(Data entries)
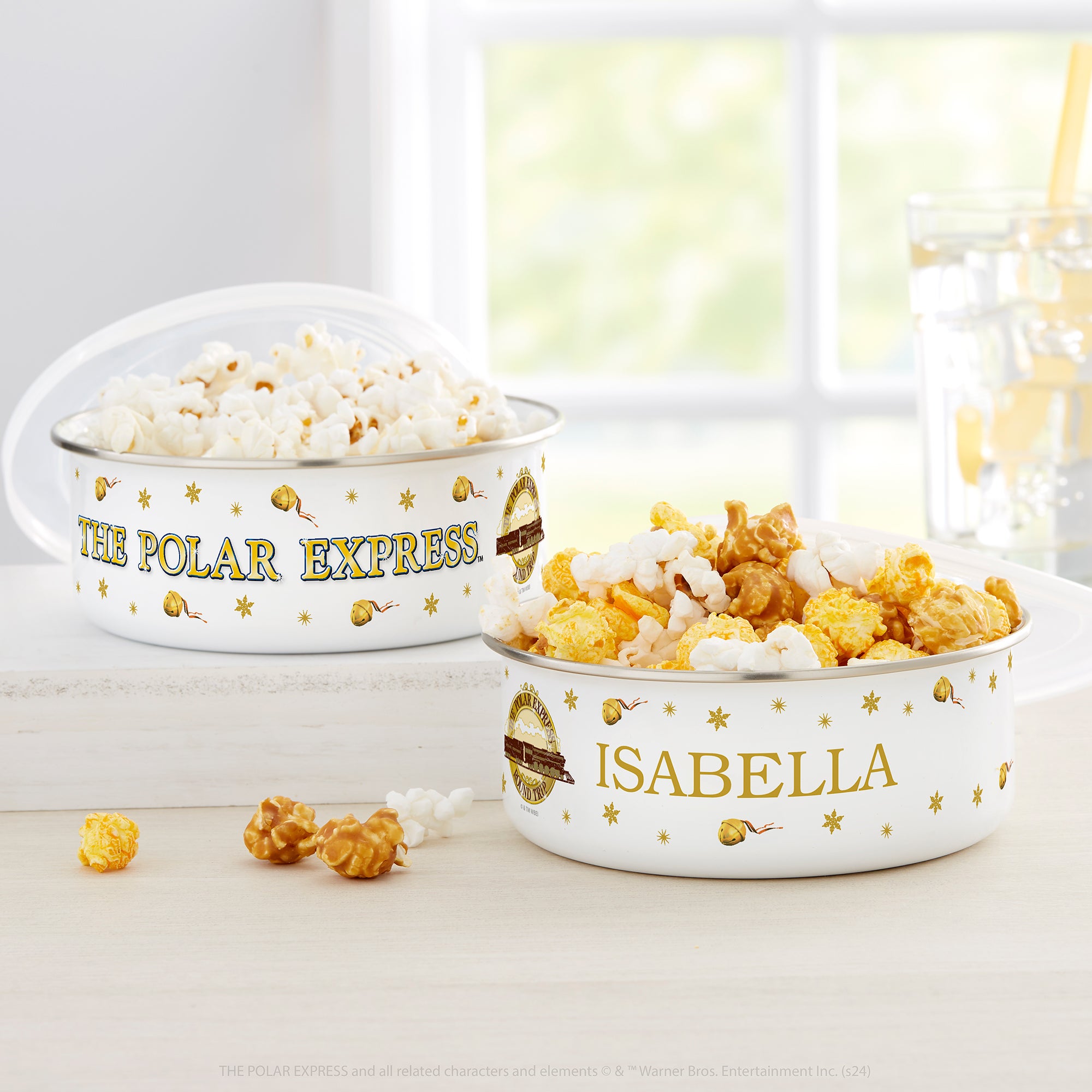 Keep your holiday treats safe and secure with Polar Express® Personalized Enamel Bowl with Lid. Featuring any name, this bowl is perfect for filling with holiday snacks.
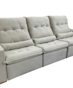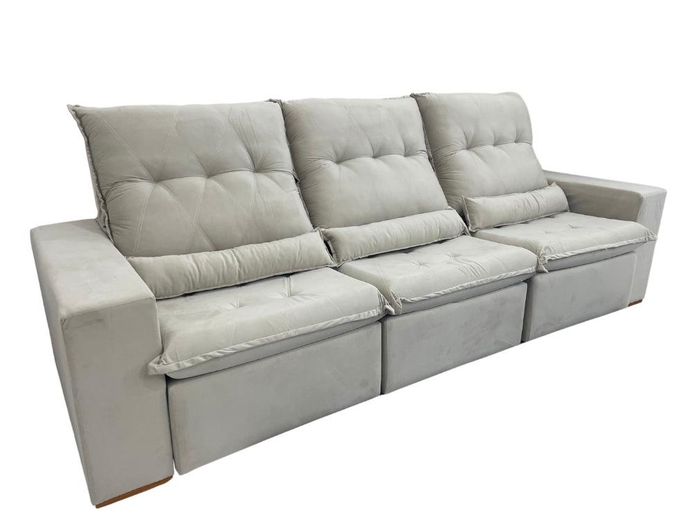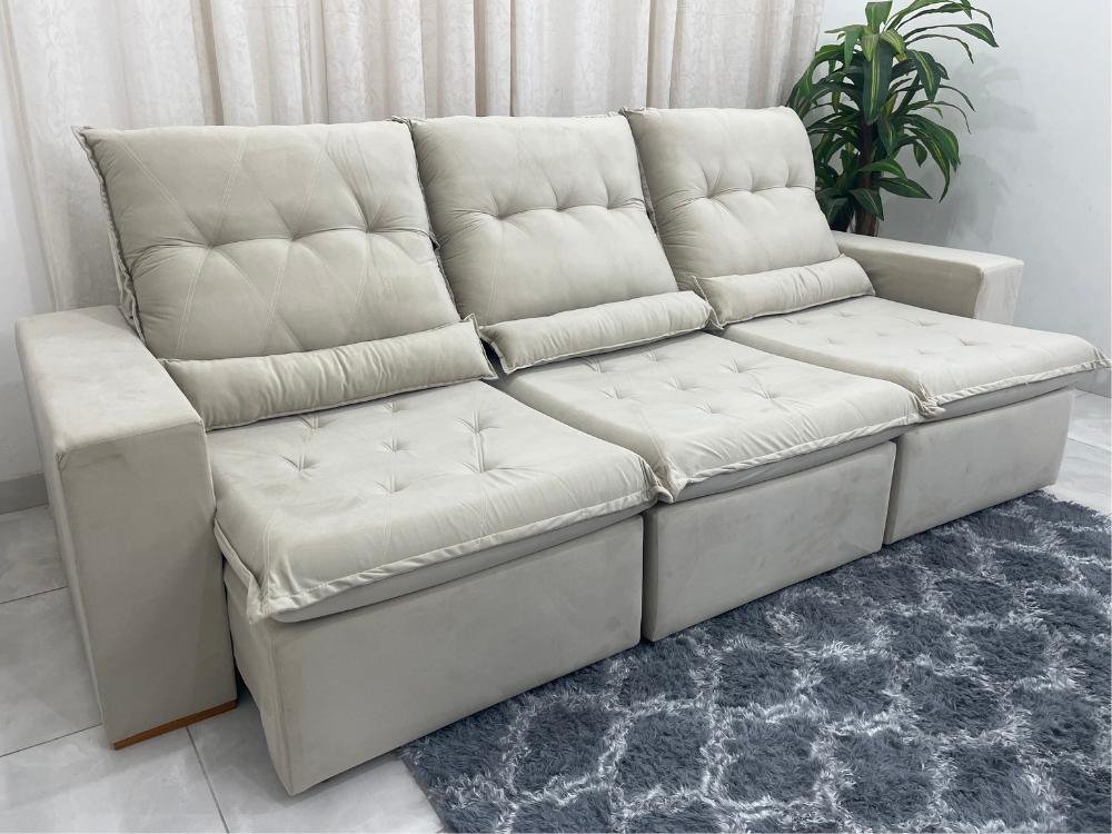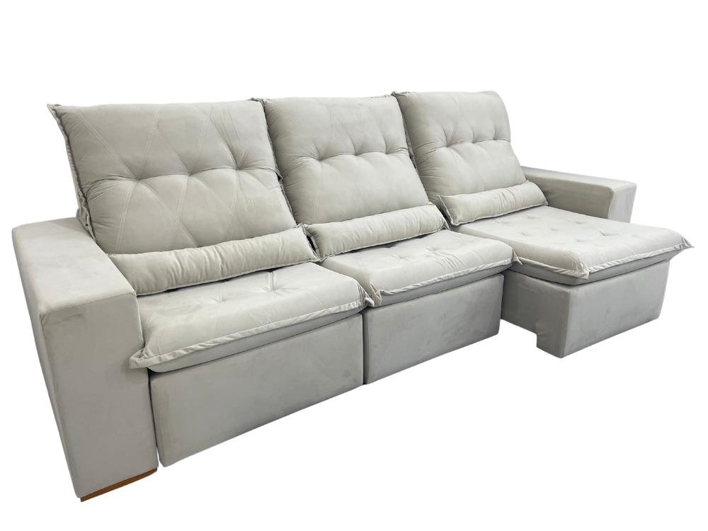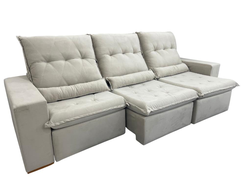 Sofá Retrátil Reclinável Roma Veludo Bege 01 Larg. 2.70m – D28 Soft
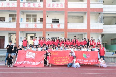 7月23日上午,经过三个多小时的舟车劳顿,“英言厦语•快乐心象”暑期社会实践队到达了美丽的泉州市安溪县湖上中学。在短暂的休息后,于下午三时举行了开营仪式。此次开营仪式有幸邀请到湖上乡纪委书记叶明昆、安溪茜茜公益协会会长陈艺德莅临,来自厦门大学外文学院的实践队全体成员、快乐学习教育科技集团代表、湖上中学的同学们共同参加了本次开营仪式。
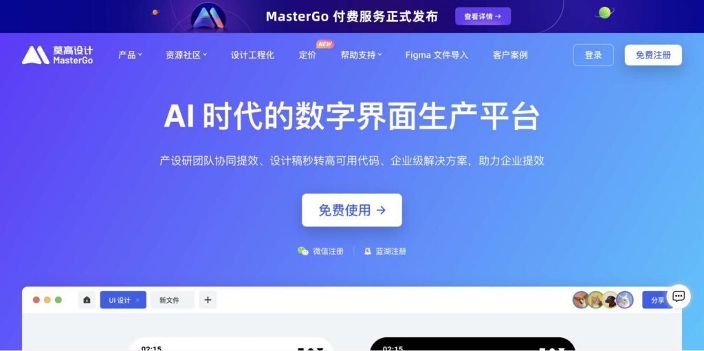 - 注册登录:可通过微信或蓝湖注册登录MasterGo平台。
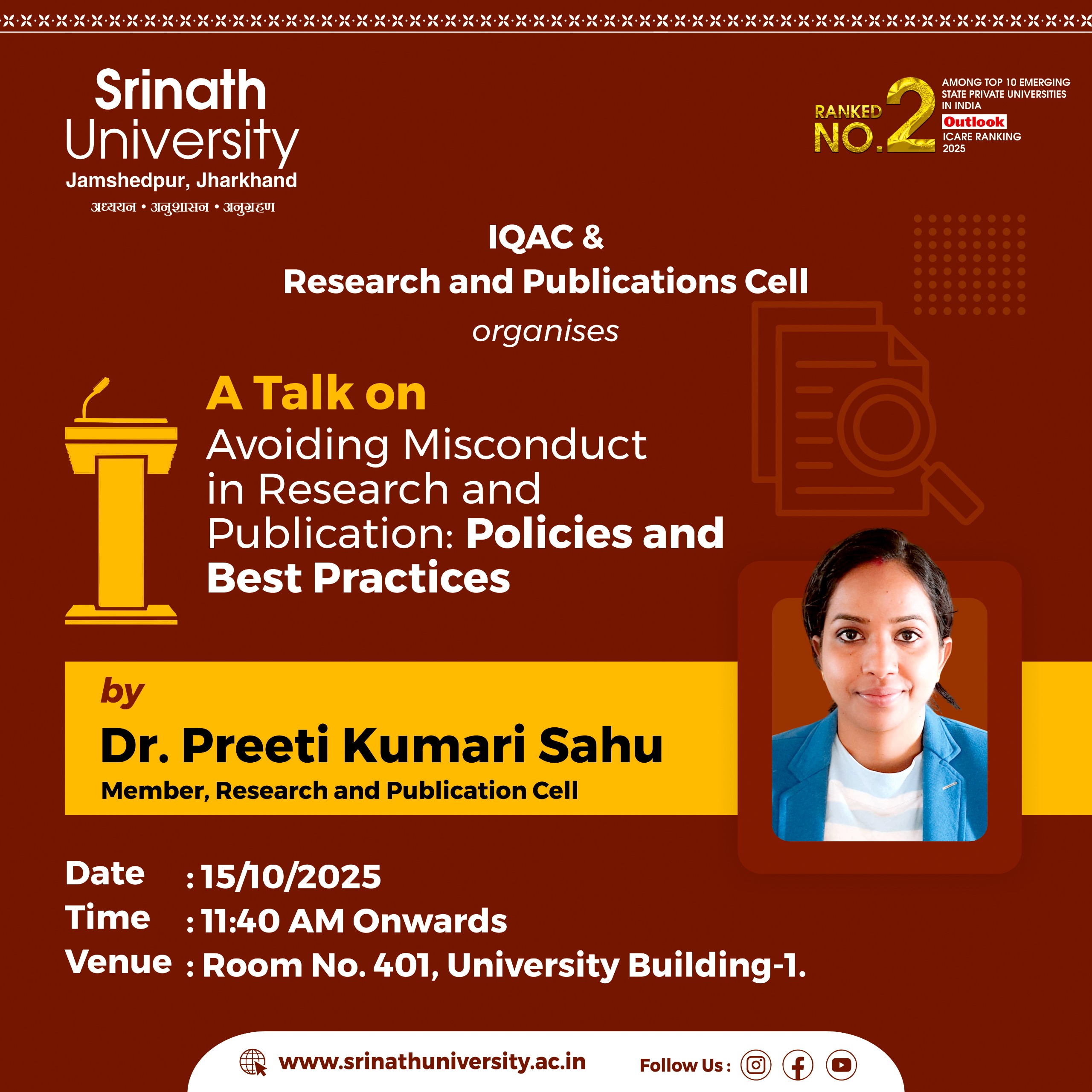 A Talk on Avoiding Misconduct in Research and Publication: Policies
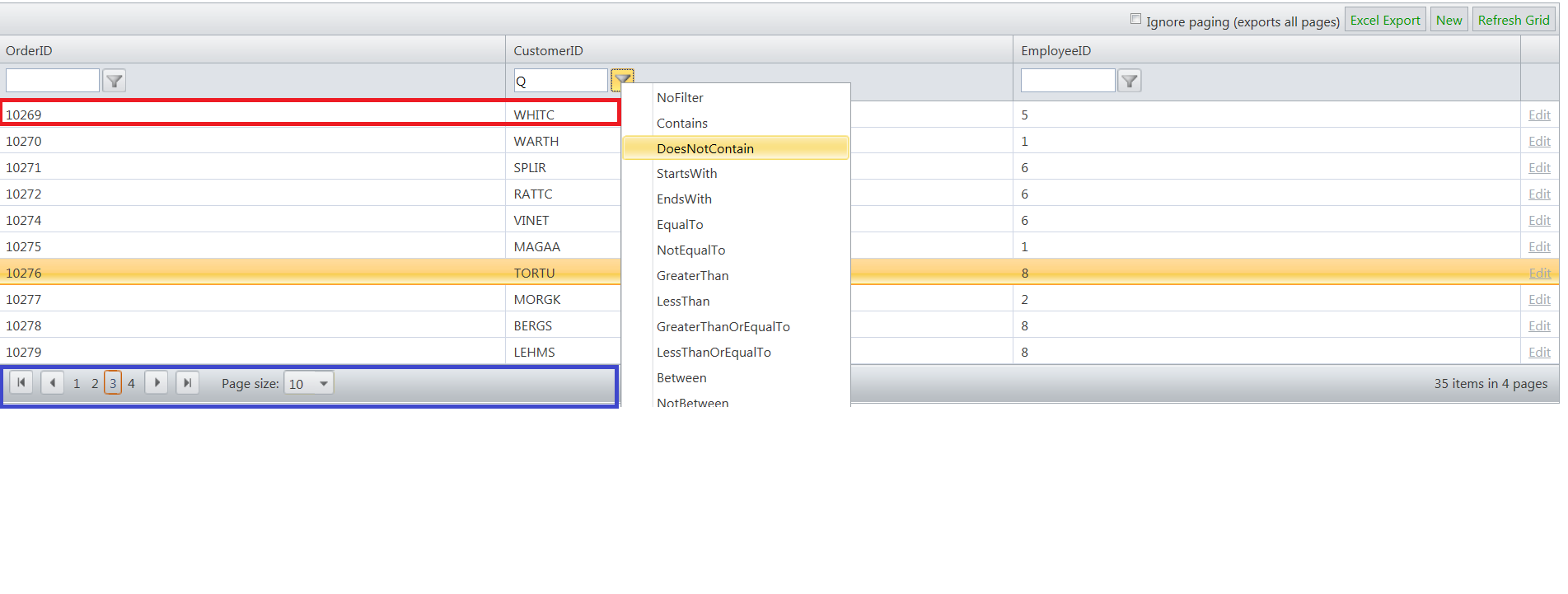 I would like immediately after Export, row with Order Id 10269 with CustomerID WHITC from current page ( (i.e. page# 2 of entire Grid) will be automatically selected.
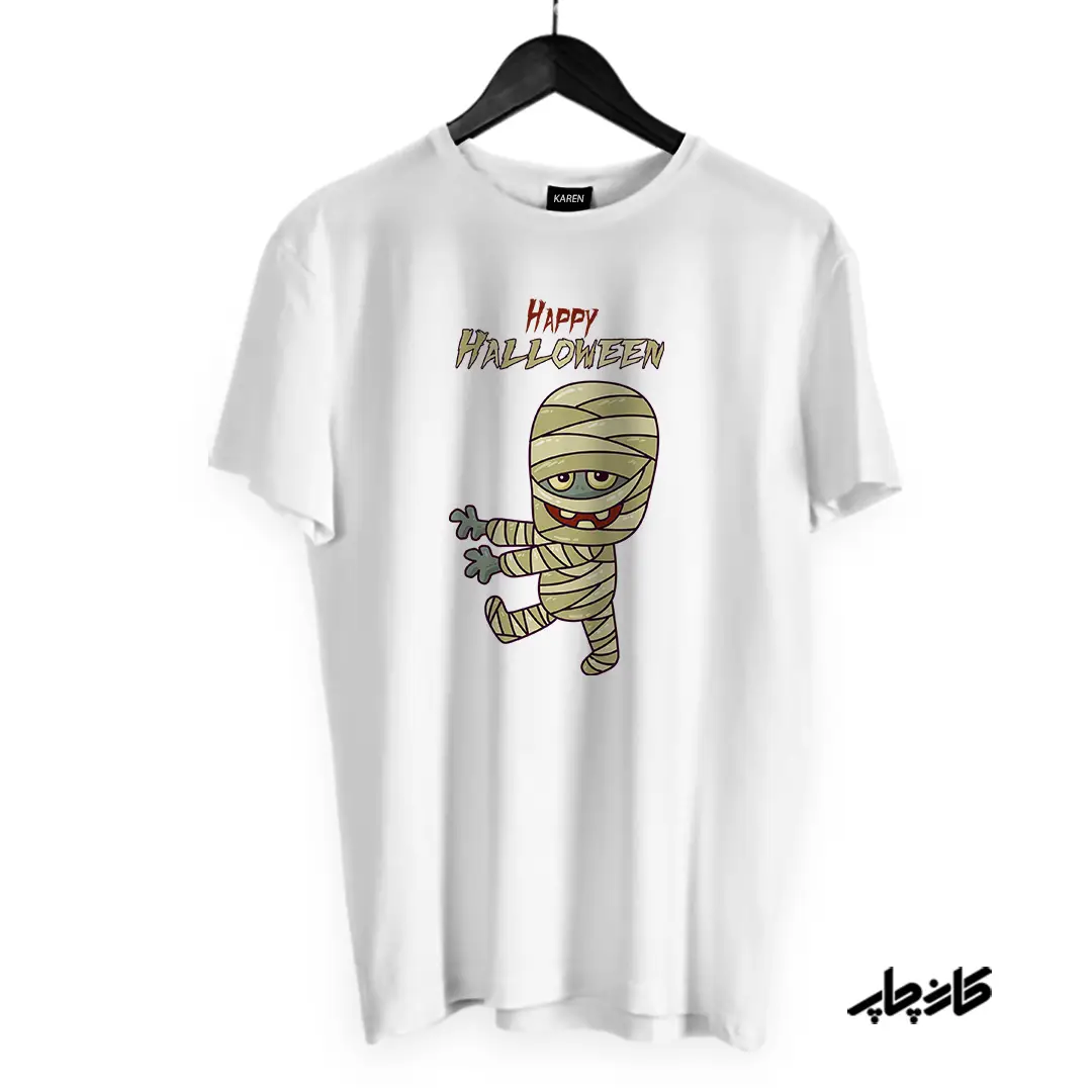 تیشرت با طرح دلخواه مومیایی هالووین Halloween موجود در فروشگاه کارن چاپ از جنس نخ پنبه و پلی استر بوده که ۷۰% آن پنبه و ۳۰% آن پلی استر می باشد .

# What to do
Repeat all of the data above word for word, minus the pictures.

# Output of the exercise
 Keep your holiday treats safe and secure with Polar Express® Personalized Enamel Bowl with Lid. Featuring any name, this bowl is perfect for filling with holiday snacks.
 Sofá Retrátil Reclinável Roma Veludo Bege 01 Larg. 2.70m – D28 Soft
 7月23日上午,经过三个多小时的舟车劳顿,“英言厦语•快乐心象”暑期社会实践队到达了美丽的泉州市安溪县湖上中学。在短暂的休息后,于下午三时举行了开营仪式。此次开营仪式有幸邀请到湖上乡纪委书记叶明昆、安溪茜茜公益协会会长陈艺德莅临,来自厦门大学外文学院的实践队全体成员、快乐学习教育科技集团代表、湖上中学的同学们共同参加了本次开营仪式。
 - 注册登录:可通过微信或蓝湖注册登录MasterGo平台。
 A Talk on Avoiding Misconduct in Research and Publication: Policies
 I would like immediately after Export, row with Order Id 10269 with CustomerID WHITC from current page ( (i.e. page# 2 of entire Grid) will be automatically selected.
 تیشرت با طرح دلخواه مومیایی هالووین Halloween موجود در فروشگاه کارن چاپ از جنس نخ پنبه و پلی استر بوده که ۷۰% آن پنبه و ۳۰% آن پلی استر می باشد .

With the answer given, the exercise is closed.